De rechtbank is van oordeel dat het dossier geen aanknopingspunten biedt voor het door de verdachte opgeworpen alternatieve scenario dat de verwondingen van aangever zijn ontstaan doordat aangever in het mes liep. Dit past niet bij de bewoordingen die verdachte heeft gebruikt bij de 112-melding en bij zijn aanhouding en voorgeleiding. De rechtbank heeft geen aanleiding om aan te nemen dat de processen-verbaal die van die aanhouding en voorgeleiding zijn opgemaakt een verkeerde weergave vormen van hetgeen verdachte heeft gezegd.
De rechtbank stelt derhalve vast dat verdachte één maal met een mes onder het middenrif, in de buikstreek van aangever, heeft gestoken. De vraag is of verdachte daarmee (voorwaardelijk) opzet heeft gehad op de dood van aangever. Het dossier bevat geen aanwijzingen dat verdachte de bedoeling heeft gehad om aangever van het leven te beroven.

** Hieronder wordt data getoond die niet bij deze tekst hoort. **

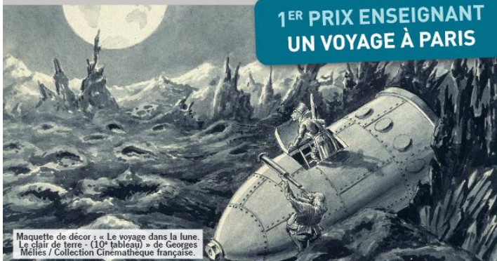
Maquette de décor « Le voyage dans la lune. Le clair de terre » (10 e tableautin) de Georges Méliès / Collection Cinéma française.

« Et lorsque tout sera aplani, l'impossible enfin sur Terre, la lune dans mes mains, alors, peut-être, moi-même, je serai transformé et le monde avec moi, alors enfin les hommes ne mourront pas et ils seront heureux. »

De rechtbank is van oordeel dat daarom niet kan worden vastgesteld dat er sprake was van zogenoemd ‘vol opzet’ op de dood van aangever.
Voorwaardelijk opzet op de dood kan bewezen worden geacht als verdachte willens en wetens de aanmerkelijke kans heeft aanvaard dat aangever door de messteek zou komen te overlijden. De rechtbank overweegt dat het een feit van algemene bekendheid is dat het steken met een mes in de buik van een ander een aanmerkelijke kans op de dood in het leven roept. In dat gebied van het lichaam bevinden zich immers slagaders en organen die belangrijk zijn voor de levensfunctie van het lichaam. Door te handelen zoals verdachte heeft gedaan heeft hij die kans op de dood van aangever ook willens en wetens aanvaard. Dat dit gevolg niet is ingetreden, is niet het gevolg van het handelen van verdachte. De rechtbank is dan ook van oordeel dat wettig en overtuigend bewezen kan worden dat verdachte het primair ten laste gelegde, namelijk een poging tot doodslag, heeft begaan.
Voor het primair onder het tweede gedachtestreepje tenlastegelegde handelen bevat het dossier geen bewijs, zodat de rechtbank de verdachte daarvan zal vrijspreken. Ook van hetgeen verdachte onder het derde gedachtestreepje is verweten, zal hij worden vrijgesproken aangezien deze handeling niet de aanmerkelijke kans op de dood in het leven roept.

3.De bewezenverklaring

Naar het oordeel van de rechtbank is wettig en overtuigend bewezen dat verdachte het primair tenlastegelegde heeft begaan, te weten dat:
hij op
of omstreeks10 mei 2022 te Tiel, ter uitvoering van het door verdachte voorgenomen misdrijf om [slachtoffer] opzettelijk van het leven te beroven, met dat opzet, met een mes
, althans een scherp en/of puntig voorwerp,die [verdachte]
- één of meerdere malen in
/op/tegen één ofmeerdere (vitale) organen en
/of het bovenlichaam, althansde buik-/maagstreek (net onder het middenrif), heeft gestoken
en/of gesneden en/of
- (vervolgens), terwijl dat mes (althans scherp en/of puntig voorwerp) in het bovenlichaam van die [slachtoffer] zat, één of meerdere malen tegen dat mes heeft (aan)geduwd en/of met dat mes heeft gewrikt en/of
- in/op/tegen de (linker)hand heeft gestoken en/of gesnedenterwijl de uitvoering van dat voorgenomen misdrijf niet is voltooid.
Voor zover er in de tenlastelegging kennelijke taal- en/of schrijffouten voorkomen, zijn die fouten verbeterd in de bewezenverklaring. Verdachte is daardoor niet in de verdediging geschaad.
Wat meer of anders is ten laste gelegd dan hiervoor bewezen is verklaard, is niet bewezen.
Verdachte zal daarvan worden vrijgesproken.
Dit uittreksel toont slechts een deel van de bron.